Author: Jack Telford
Screaming Frog’s custom search and extraction features help you find specific elements and what’s inside them in the source code of web pages. Using them in creative ways can quickly generate a lot of information from your site and those of competitors, feeding in to both quick wins and longer term strategy. Here I’ll go through 3 very simple ways I’ve found to make use of them.
At a Glance
|What you do||Use custom search and extraction to find elements on pages|
|Benefits||Inform strategy and understand that of competitors|
|Time||Max 2 hours per task|
What is Screaming Frog Custom Search?
Custom search is extremely simple to understand. Input something that you are looking to find in the HTML code of pages and Screaming Frog will flag all pages with it on, as well as telling you how many instances there are on the page. You can carry out a number of different custom searches in one crawl, with the different things you search for appearing in different columns of your Screaming Frog export.

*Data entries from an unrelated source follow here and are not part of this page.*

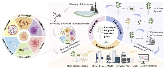 Multi-omics-integrated technologies are currently being progressively applied to the study of endophytic fungal diversity and the mechanisms of interaction between endophytic fungi and medicinal plants, building on the foundation of classic omics technologies. By utilizing SCIENCE DIRECT, WEB OF SCIENCE, and PUBMED, search for literature from the past five years in 2024 using keywords such as “endophytic fungi”, “medicinal plants”, “interactions”, “growth promotion”, “increased antagonism”, “secondary metabolites”, and “omics”, and further screen the literature for use in this article. This review mainly discusses the diversity of endophytic fungi and the interaction mechanism between endophytic fungi and host plants from the above aspects and the application of omics technology in the study of the interaction mechanism between endophytic fungi and medicinal plants, as shown in Figure 1.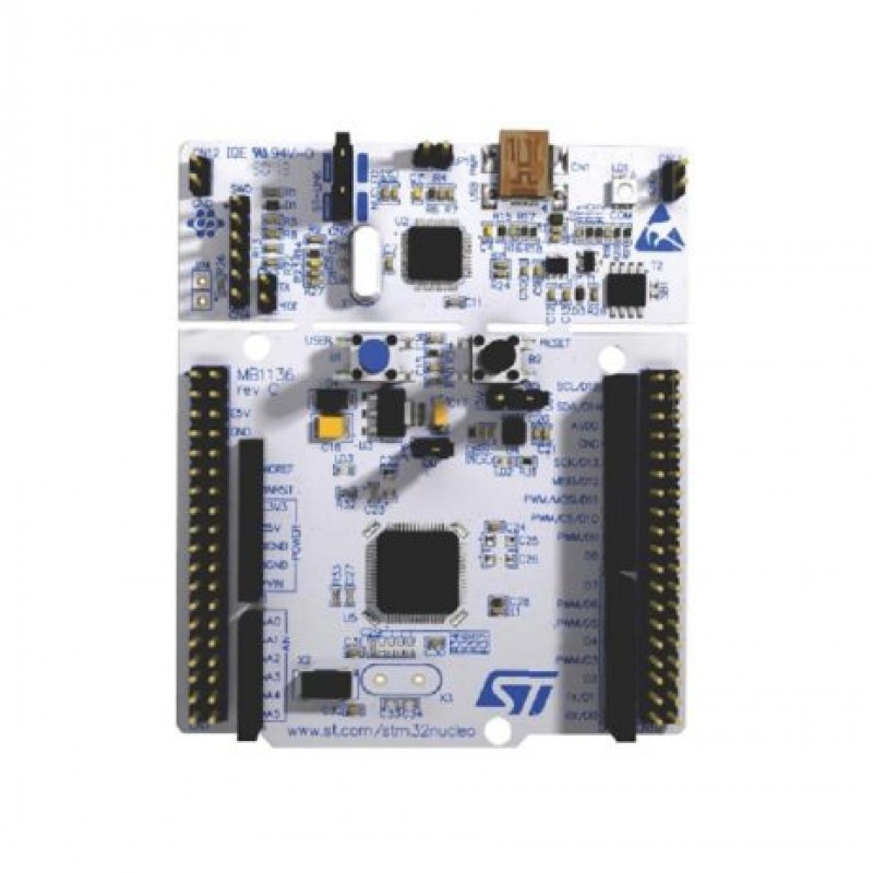 The STM32 Nucleo board provides an affordable and flexible way for users to try out new concepts and build prototypes with the STM32 microcontroller, choosing from the various combinations of performance, power consumption, and features. The Arduino Uno V3 connectivity support and the STMICROELECTRONICS NUCLEO headers allow to expansion easily the functionality of the STM32 Nucleo open development platform.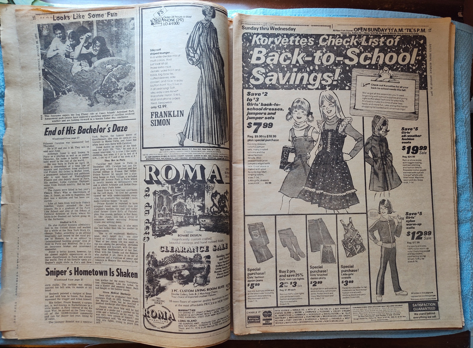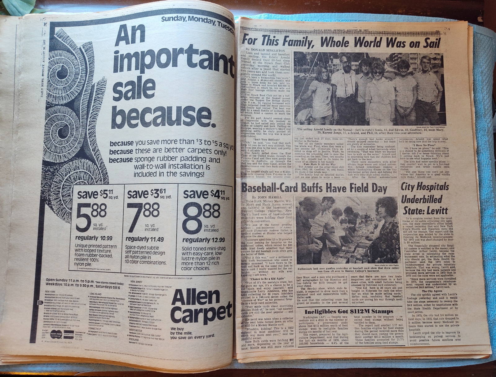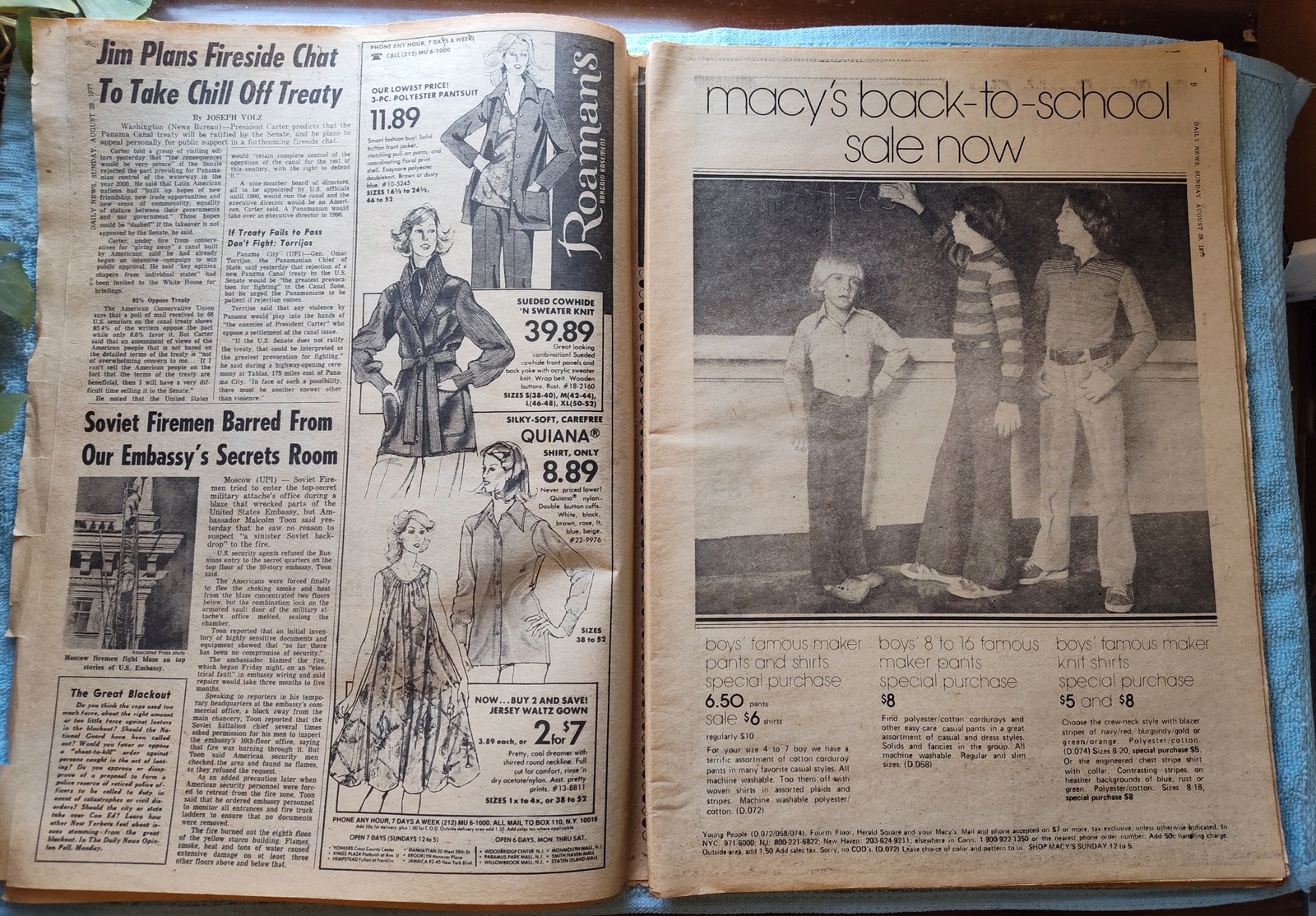 New York Daily News – Monday, August 29, 1977. This old newspaper features on the front page a picture of Secretary of State Cyrus Vance and President Carter. The headline is: ‘Cosmos Win It!’ ‘Prober: Sniper’s Gun Illegal’ ‘ Senator: Gun Bills Need Help’ What you see in the pictures is what you get.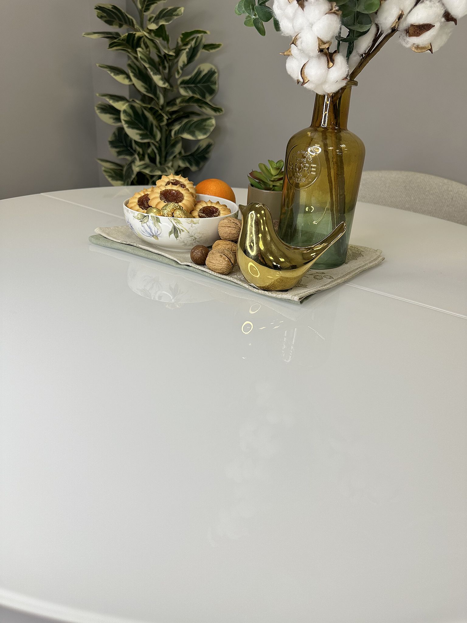 Компактный и очень функциональный стол, идеален для использования как на небольшой кухне, так и в качестве уютной обеденной зоны в гостиной. Столешница из стекла надежно защищает стол от влаги и горячего. Синхронный механизм раскладки позволяет легко раздвинуть стол одной рукой любому члену семьи. Вставка с материалом столешницы оставляет стол монолитным в разложенном состоянии. Стол максимально устойчив благодаря особому, усиленному креплению опор и регулировочным винтам.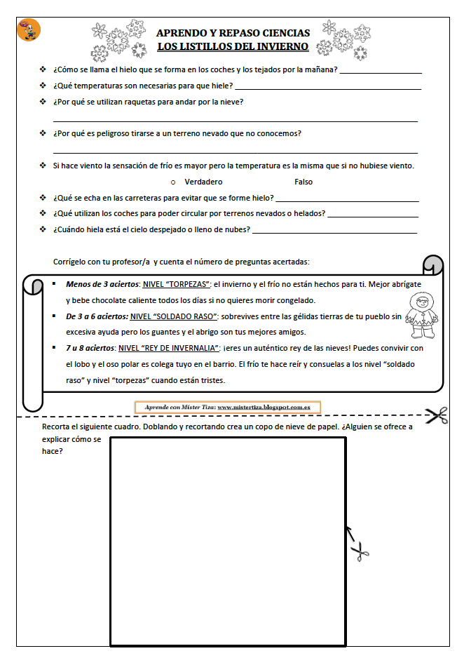 Mario San Bernardino Martín del CEIP Gloria Fuertes, en Meco (Madrid) y autor del blog «Aprende con Míster Tiza» nos remite una divertida ficha con datos e información relacionados con los fenómenos más característicos del invierno. Es ideal para «calentar motores» tras la vuelta de las vacaciones navideñas.Está pensada para el alumnado de 4º a 6º de Primaria.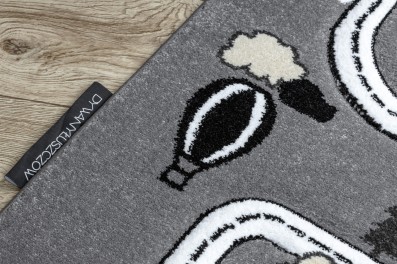 Szary dywan z motywem ptaszków, który subtelnie ożywi pokój dziecka i stworzy przytulną przestrzeń do zabawy.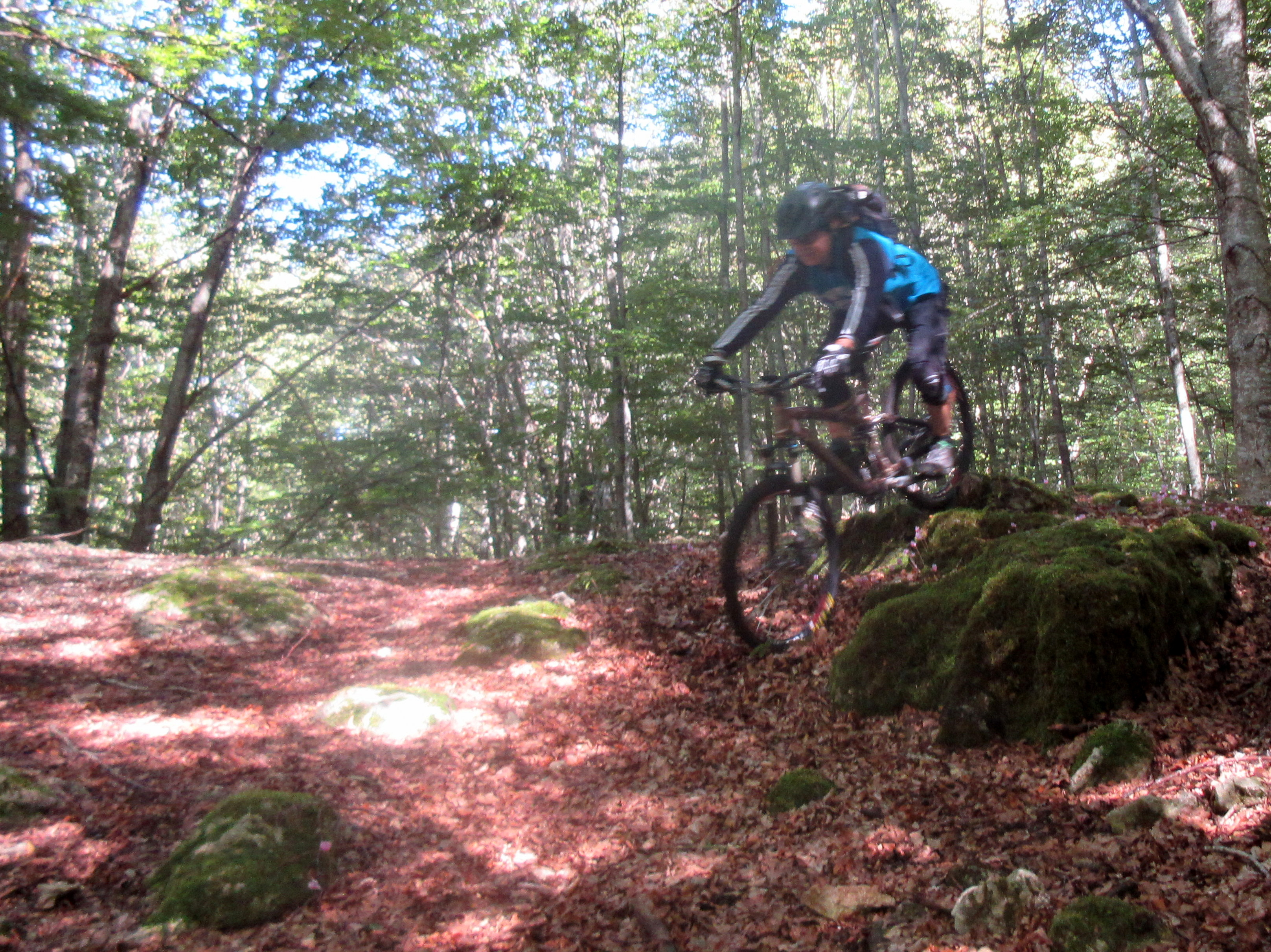 Dalla sorgente a spinta ci si spinge alla sella della Selvastrella, la vista d’insieme è spettacolare, un paesaggio aspro e suggestivo, con un smisurato panorama sulla lussureggiante vallata dove si snoda il percorso. Si prosegue scendendo su single track con fondo smosso, ed entrati nel bosco, si sfrutta uno sgarrupo roccioso per compiere un passaggio ostico, in ogni modo evitabile.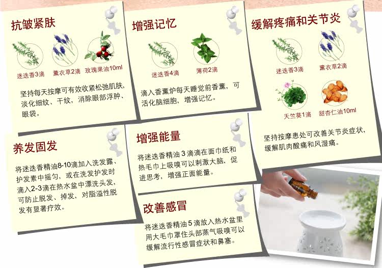 使用註意:單方精油最好不要直接塗抹於皮膚上,除少數如薄荷精油可少量塗抹以外。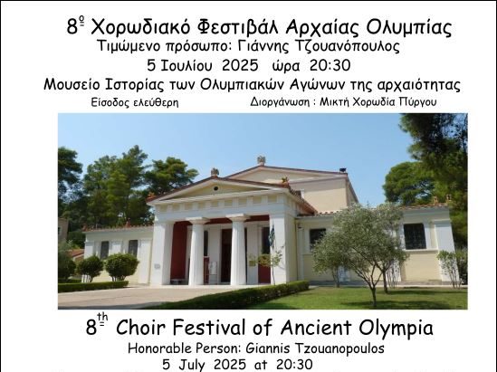H Μικτή Χορωδία Πύργου, o Δήμος Αρχαίας Ολυμπίας, και η περιφέρεια Δυτικής Ελλάδας, τμήμα Πολιτισμού σας προσκαλούν στο 8ο Χορωδιακό Φεστιβάλ Αρχαίας Ολυμπίας που θα πραγματοποιηθεί το Σάββατο 5 Ιουλίου στον προαύλιο χώρο του Μουσείου της Ιστορίας των Ολυμπιακών Αγώνων της Αρχαιότητας “Σύγγρειον”.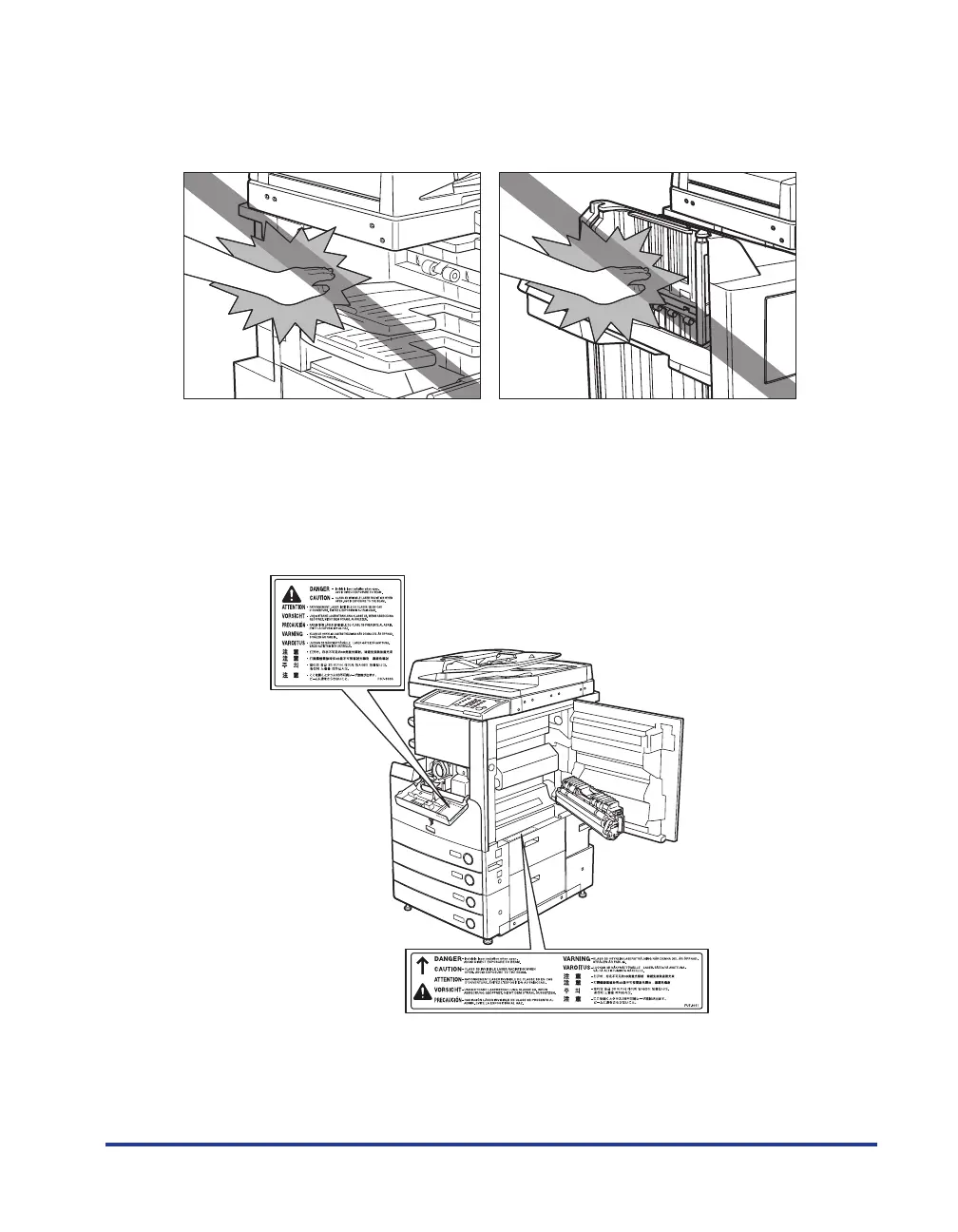 from the machine during any phase of user operation. Read the following remarks and instructions

What is Screaming Frog Custom Extraction?
Custom extraction is a little more complicated to understand, but once you grasp the basics it’s very easy to make use of. Like custom searches, custom extractions look through the HTML of a page for specific elements. However, rather than looking for a specified piece of text or code, a custom extraction finds what is wrapped up in certain code elements (CSSPath, XPath and regex). For example, it could return what’s in H2 tags, or in a paragraph element on-site. You can look either for inner HTML code of an element, or for specific text. There are also additional functionalities, which you won’t need to know for this post but can read about here.
Use Case 1: Find Instances of Specific Text on Your Site With Custom Search
Maybe you ran an offer last year which has expired. Maybe your phone number has changed since you built the site, or maybe you want to change the way you refer to your brand. Custom search is perfect to identify pages containing specific text strings, in order to identify where you need to make changes. Just select “Custom” > “Search” under “Configuration”, then add the text you’re after. Once you crawl the URLs, the instances where it’s found for will show up in the “custom search” tab for each page.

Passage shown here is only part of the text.